Tango, STATS coded those two plays exactly the same.  Ground ball, in location “M” (just to the left of the second base bag), medium speed.  STATS also codes how easy or hard a play it was (fielder skill level) for each fielder.  The ground out was coded “22”, which means it was a 2 for the fielder and a 2 for the first baseman.  The scale is 1-4, with 1 being the easiest, so a “2” is easy but not the easiest, I guess.  I always like an odd number for “scales” so that it is easy to choose a medium or average designation, but maybe people who are experts at coding things know it is better NOT to have an odd number of choices because that way it is too easy to just call most things “medium” or a “average.” Maybe they want to force the observer to take a stand. I don’t know.  Not my area.

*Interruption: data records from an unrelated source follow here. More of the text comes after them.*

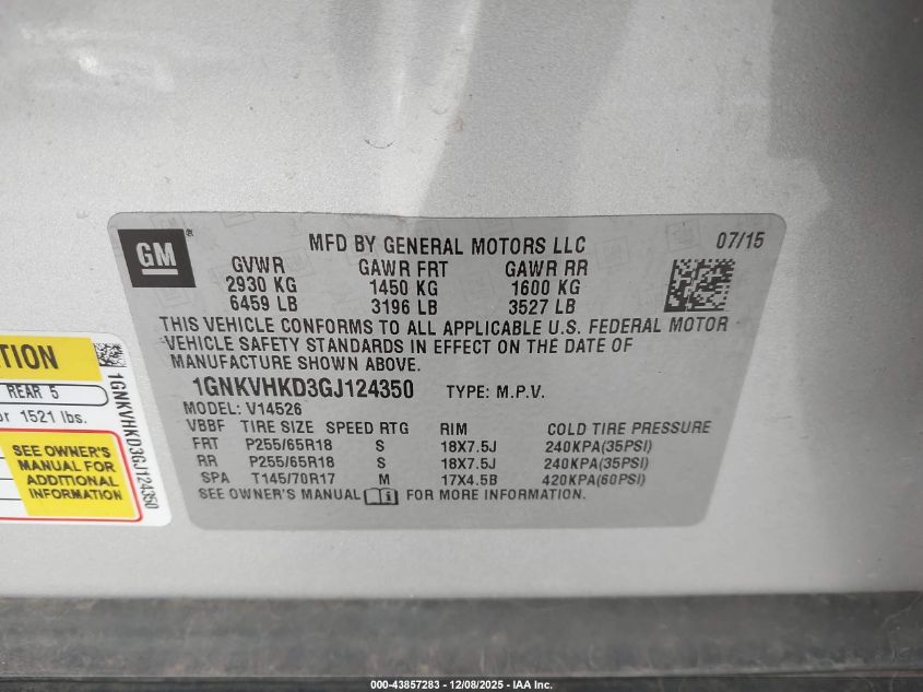 2016 CHEVROLET TRAVERSE - 1GNKVHKD3GJ124350, цвет - Серебряный, 3.6, Бензин, Полный привод из США
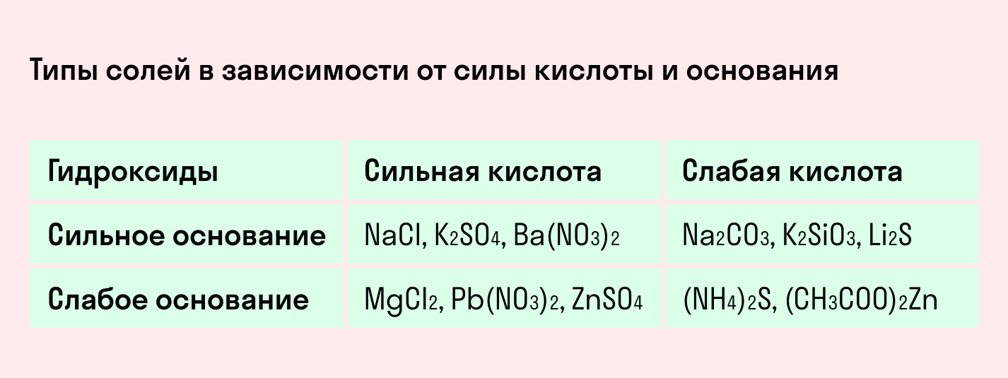 Важное условие гидролиза — наличие в составе соли слабого иона. В зависимости от того, какие соли подвергаются гидролизу — со слабым основанием или слабой кислотой, в итоге может получиться кислая, щелочная или нейтральная среда водного раствора
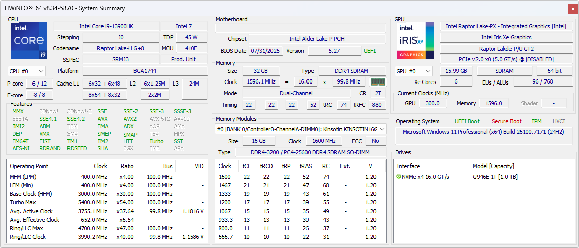 Let's start with what you're getting: an Intel Core i9-13900HK processor with 14 cores and 20 threads (specifically, 6 performance cores and 8 efficiency cores), 32GB of DDR4-3200 RAM, a 1TB PCIe Gen 4 SSD, integrated Iris Xe graphics, WiFi 6E via MediaTek MT7922, and 2.5 Gigabit Ethernet through a Realtek RTL8125 controller. On paper, this looks like a powerhouse. In practice, it's a machine caught between worlds, excelling at very specific tasks while being ill-suited for most mainstream use cases.
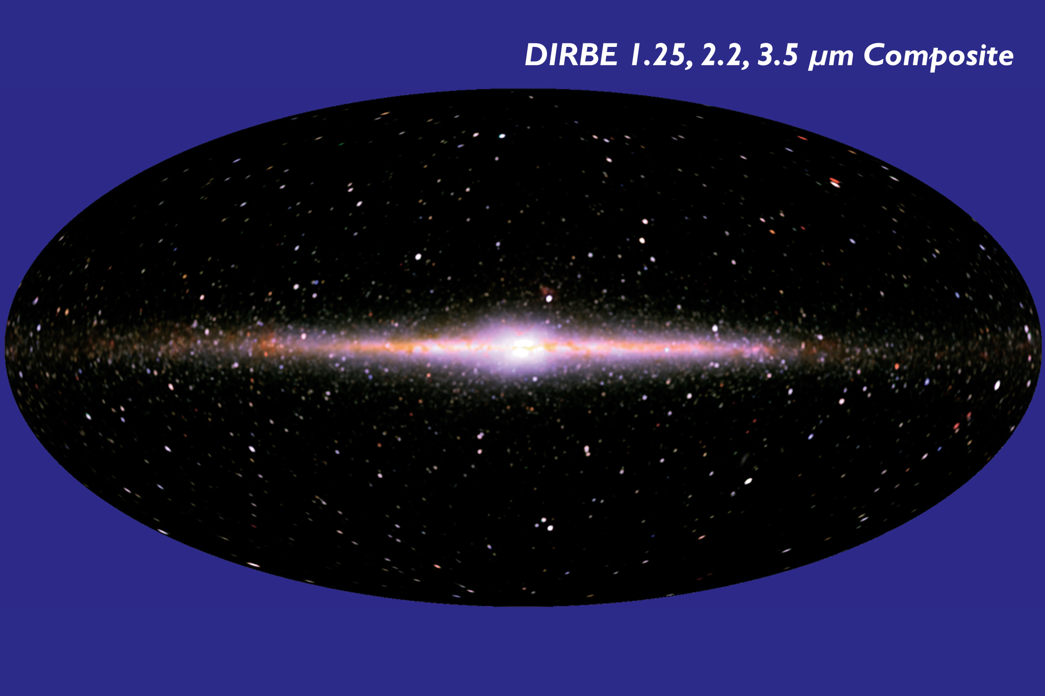 False-color image of the near-infrared sky as seen by the DIRBE. Data at 1.25, 2.2, and 3.5 µm wavelengths are represented respectively as blue, green and red colors. The image is presented in Galactic coordinates, with the plane of the Milky Way Galaxy horizontal across the middle and the Galactic center at the center. The dominant sources of light at these wavelengths are stars within our Galaxy. The image shows both the thin disk and central bulge populations of stars in our spiral galaxy. Our Sun, much closer to us than any other star, lies in the disk (which is why the disk appears edge-on to us) at a distance of about 28,000 light years from the center. The image is redder in directions where there is more dust between the stars absorbing starlight from distant stars. This absorption is so strong at visible wavelengths that the central part of the Milky Way cannot be seen. DIRBE data will facilitate studies of the content, energetics and large scale structure of the Galaxy, as well as the nature and distribution of dust within the Solar System. The data also will be studied for evidence of a faint, uniform infrared background, the residual radiation from the first stars and galaxies formed following the Big Bang. |
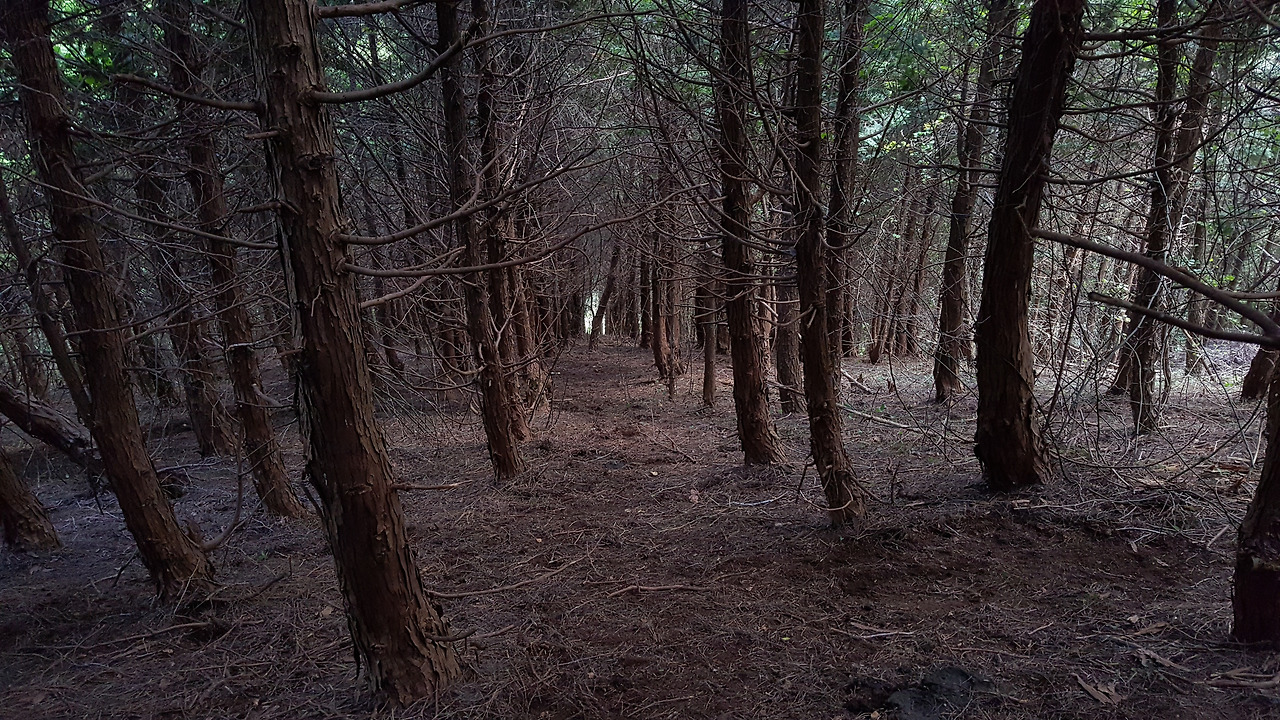 어렴풋이 보이는 목장의 초원까지는 20m 정도가 남았다. 거의 온몸을 구부리다시피 하며 나무를 제치고 내려가는 찰나. 내가 오름 탐방을 하면서 가장 두려워하는 상황이 발생했다. 뒤쪽 어디선가 들개의 맹렬한 울부짖음이 들리기 시작한다. 순간 예전에 오름을 다니며 심리적으로 쫓기던 생각이 나기 시작한다. 발걸음을 빨리 옮기려 하지만 이놈의 잡목 엉킨 숲이 나에게 길을 내어줄 리가 없다. 속도는 안 나고 마음은 바쁘다 보니 제대로 길을 만들기보다 막무가내로 수풀 속을 헤치며 내려가기 시작한다.
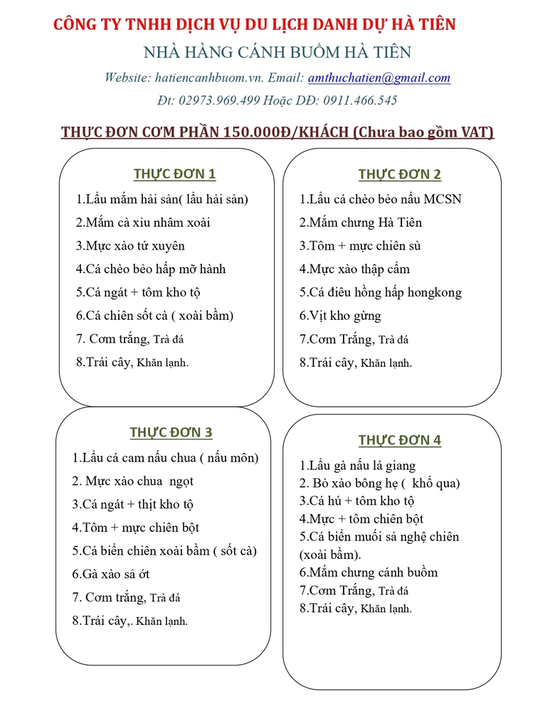 Nhà Hàng Cánh Buồm Hà Tiên chuyên phục vụ: ăn sáng, cơm phần khách đoàn, hải sản tươi sống. Với thực đơn đa dạng, không gian thoáng mát, ngồi bên nhà hàng có thể nhìn thấy cầu Tô Châu, bến phà Thạnh Thới để đi Phú Quốc, cảnh biển view đẹp,… sẽ giúp Quý khách có được chuyến đi vui vẻ và trải nghiệm thú vị.
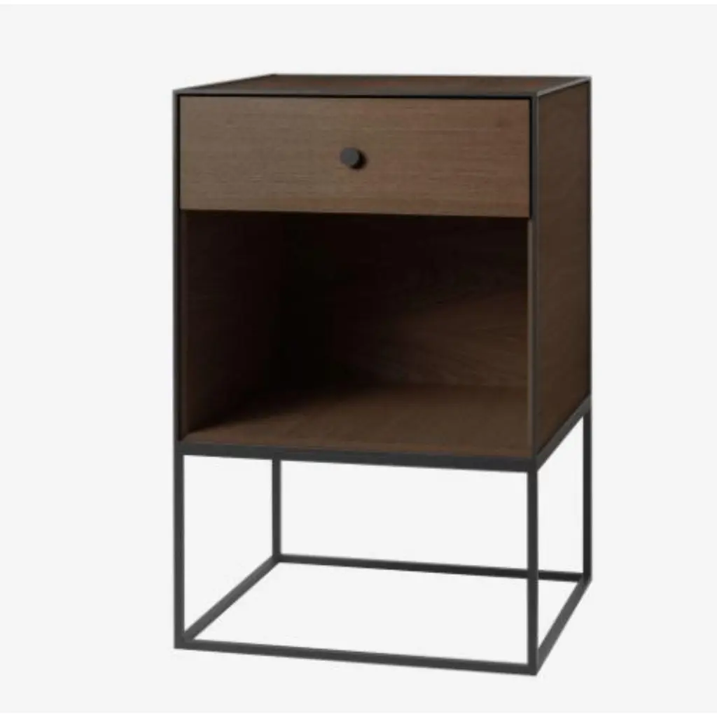 49 smoked oak frame sideboard with 1 drawer by LassenDimensions: W 49 x D 42 x H 77 cm Materials: Finér, melamin, melamine, metal, veneer, oakAlso available in different colours and dimensions.Weight: 15.50 kgBy Lassen is a Danish design brand focused on iconic designs created by Mogens and Flemming Lassen, founded by Lassens’ relatives in 2008. Brothers Mogens (1901-1987) and Flemming (1902-1984) Lassen are known as two of Denmark’s greatest architects and designers. Both were renowned pioneers of Danish functionalism and modernist architecture, honoured with numerous prestigious medals and awards. Headed by Mogens Lassen’s grandson Søren Lassen, By Lassen carries on the brothers’ design philosophy by manufacturing their iconic designs as well as products by other designers that complement the Lassen’s functionalist style. The company’s mission is to continue the tradition of timelessness, functionality and quality, and to introduce the Lassen’s design heritage to new generations.
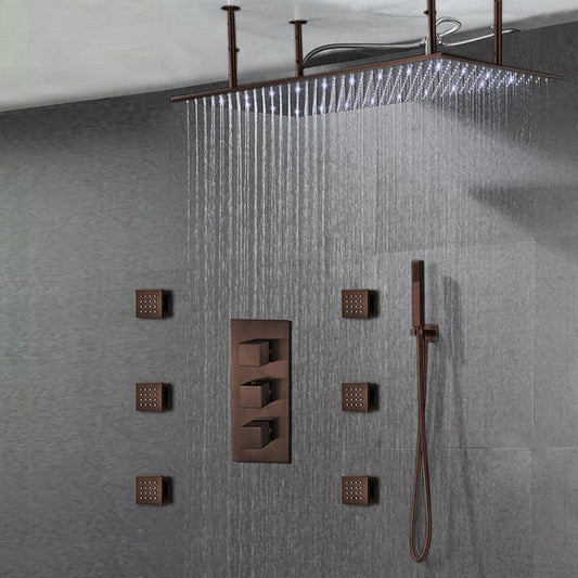 Fontana Diadema Creative Luxury Large Light Oil Rubbed Bronze Rectangular Ceiling Mounted LED Solid Brass Shower Head Rain Shower System With 6-Jet Body Sprays and Hand Shower
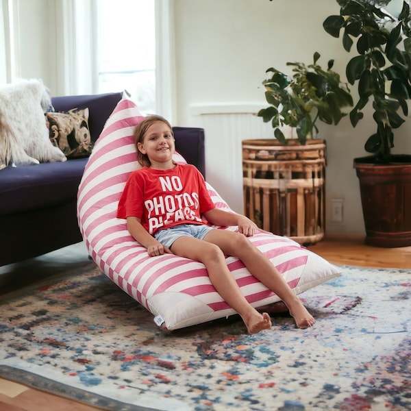 35" Pink and White Microfiber Specialty Striped Pouf Cover
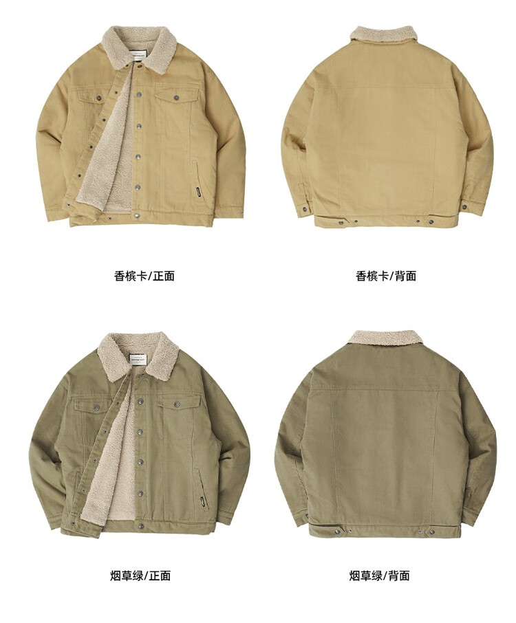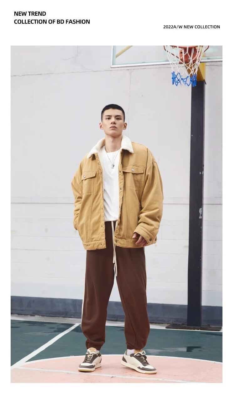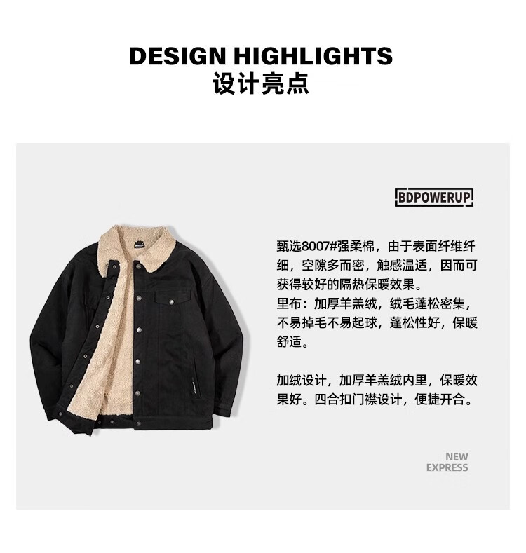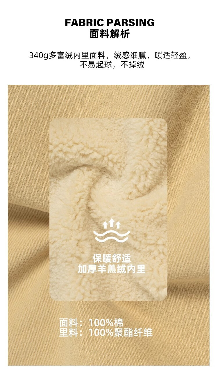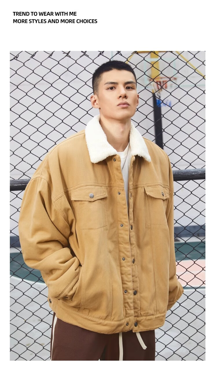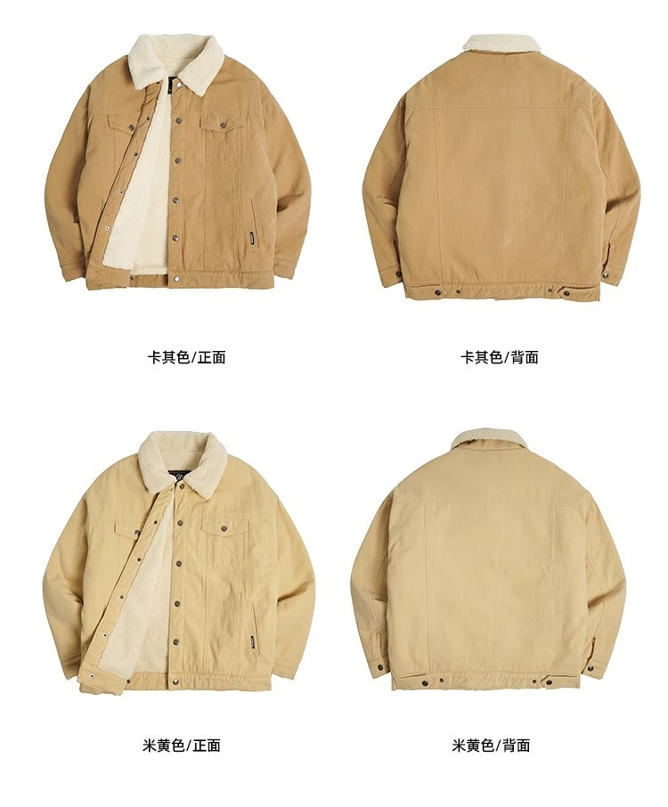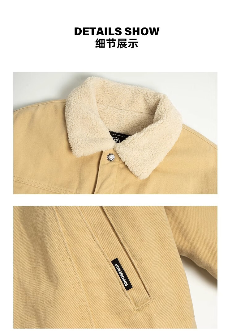 BD.POWER UP+秋冬黑色运动夹克巴恩风外套男加厚保暖羊羔绒外套男宽松翻领上衣 卡其色 L 150-170斤

Kind of makes me realize that I really should be using the “fielder skill” designation for UZR.  it would have helped with this play and I am sure, as is pointed out this article, that there are plenty of other situations where it would help.  Basically a “fielder skill” can give us some idea of the positioning of the fielder.  OTOH, it depends if we want to include the fielder positioning in his skill set.  If a fielder makes a spectacular play because he is out of position, and hence, STATS would record it as a “4” do we want to give him extra (UZR) credit?  Probably not.  OOTH, if a fielder is “out of position” because of a shift, then his position should be accounted for and most of the PBP metrics will screw that up.  Which reminds me of something else.  On my list of things to do is when compiling the UZR data, to assume a shift when certain batters are at the plate, like Ortiz, Delgado, and Bonds, although I am not exactly sure how to get that information other than from “common knowledge” or from inferring it from the data.  Maybe Jeter gets screwed in UZR (and other metrics) because of all the times he plays on the second base side of the field with Papi at the plate! wink


#17    MGL      (see all posts) 2008/03/04 (Tue) @ 00:45

Of course your WWOY takes cares of shifts, positioning, and everything else!